▶ EXERCISE GOAL
In the listing that follows, find the line with "Green pink florals arch Sweet 16 invitation", then copy exactly from it through the line with "Gorgeous silver plated", leaving out every picture.

▶ EXTRACTED DATA
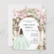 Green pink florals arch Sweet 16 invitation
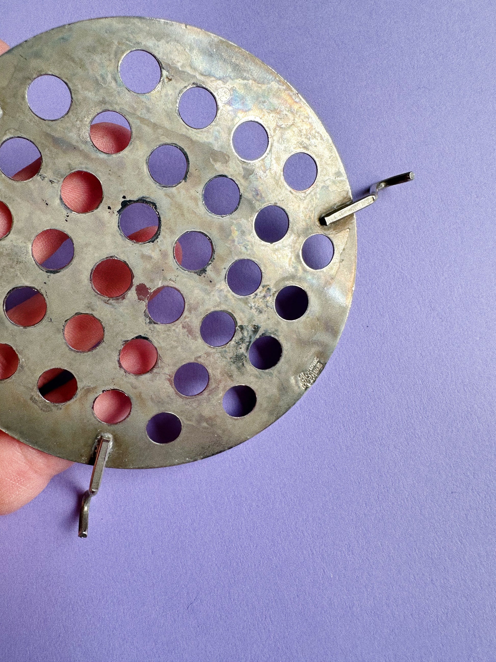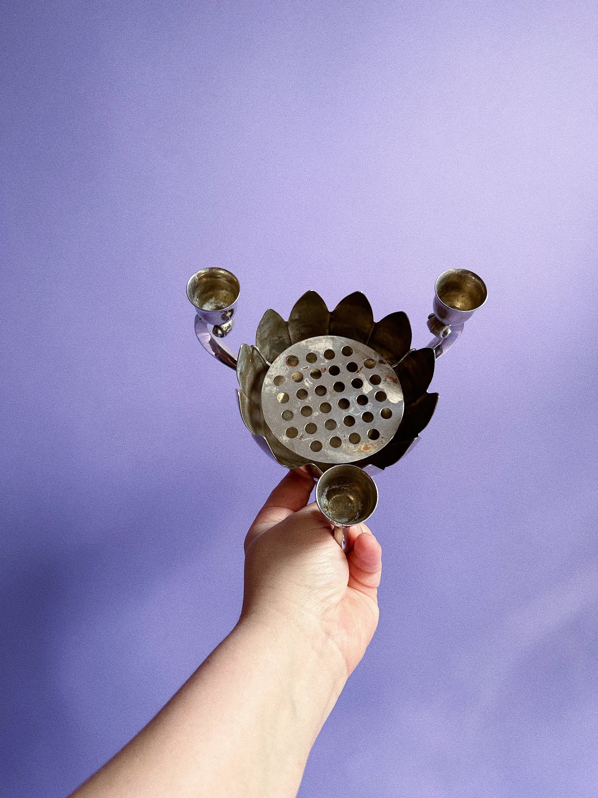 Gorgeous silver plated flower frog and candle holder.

...

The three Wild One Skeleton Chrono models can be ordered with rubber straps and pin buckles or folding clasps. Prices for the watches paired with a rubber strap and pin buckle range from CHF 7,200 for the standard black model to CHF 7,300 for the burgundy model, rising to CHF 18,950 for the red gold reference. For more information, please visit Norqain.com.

▶ SOLUTION BELOW
 Green pink florals arch Sweet 16 invitation
 Gorgeous silver plated flower frog and candle holder.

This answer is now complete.